Tim Cook is a "Keep things ticking along" CEO, not a "Change course to a new destination" CEO. Initiatives like this will probably require different leadership to succeed.

  • reactordev 18 hours ago

    Exactly, Tim Cook is a finance guy - he knows the numbers and how to keep Apple profitable. What he lacks is product vision. His one opportunity (ironically, vision) fell flat.

    • pstuart 9 hours ago

      The Apple Car fiasco happened on his watch too.

    • ljlolel 17 hours ago

      Don’t downvote this guy! Interesting to note that he probably constantly got criticized for not having vision, so he took that literally and called the product Vision Pro.

      It’s the kind of mistake an LLM would make. Very Lacanian.

      • reactordev 16 hours ago

        I wouldn’t go that far. Tim Cook doesn’t really care what people think of him, he only cares about one group of people - shareholders. It was probably marketing that came up with it. Tim is totally fine being the finance guy and the vision he sold the board was “I’ll keep Apple from imploding” which he has been very successful at.

        Like Nadella, you need someone from the early years, who knows the business, to run it.

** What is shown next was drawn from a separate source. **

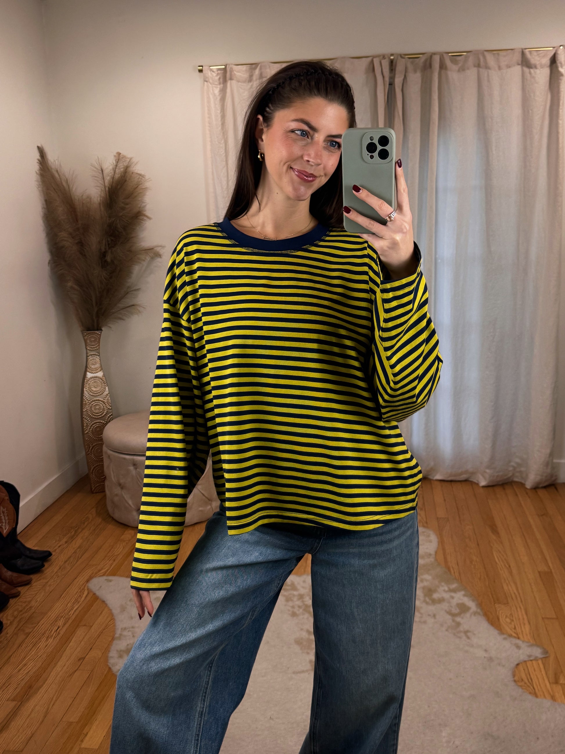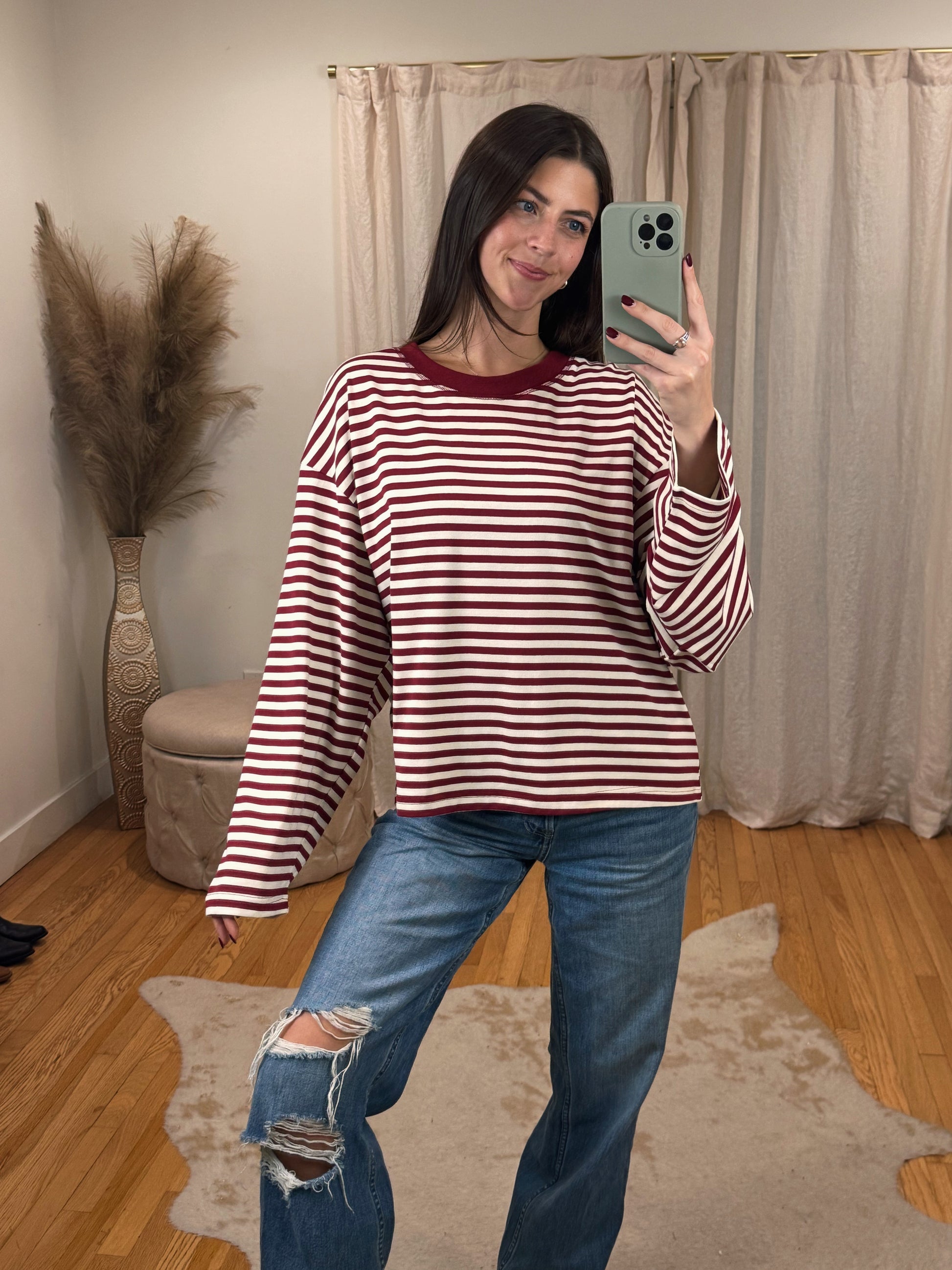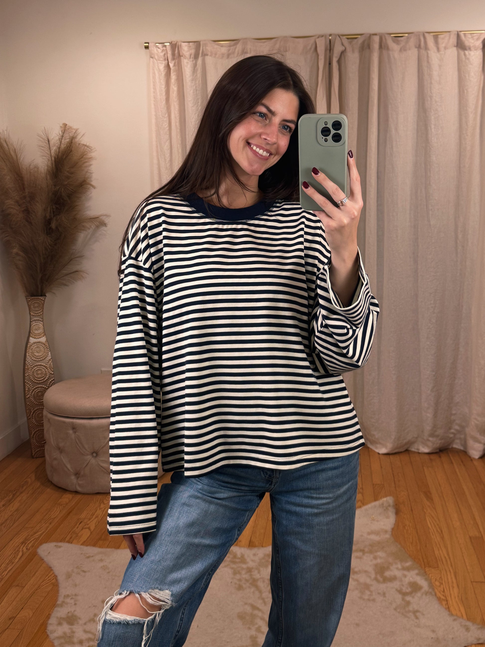 Cool girl Flowy Oversized Striped Long Sleeve ft. Boxy Fit & Crewneck cut.

        Cook lacks product vision because 1) he’s no Steve Jobs. He was hired. He didn’t create. 2) He doesn’t have an Jonny Ive to make something as boring as a computer be as sexy as an Italian vase. Or as sleek as a pencil. Or as flat as paper. Or whatever metaphors were used during the Ive years to describe his design process.

        But he has been there long enough to know how it works.

        • nchmy 15 hours ago

          Nadella seems to have incomparably more vision...

          • reactordev 14 hours ago

            Different character of person though. Nadella was engineering, former Sun Microsystems, he understands cloud, having led initiatives within Microsoft in that area. He also opened the door to open source that Microsoft had shuttered for so long.

            • acomjean 11 hours ago

              But as I’ve started using windows again, it’s shocking that he allows a lot of the unprofessional upselling crap in.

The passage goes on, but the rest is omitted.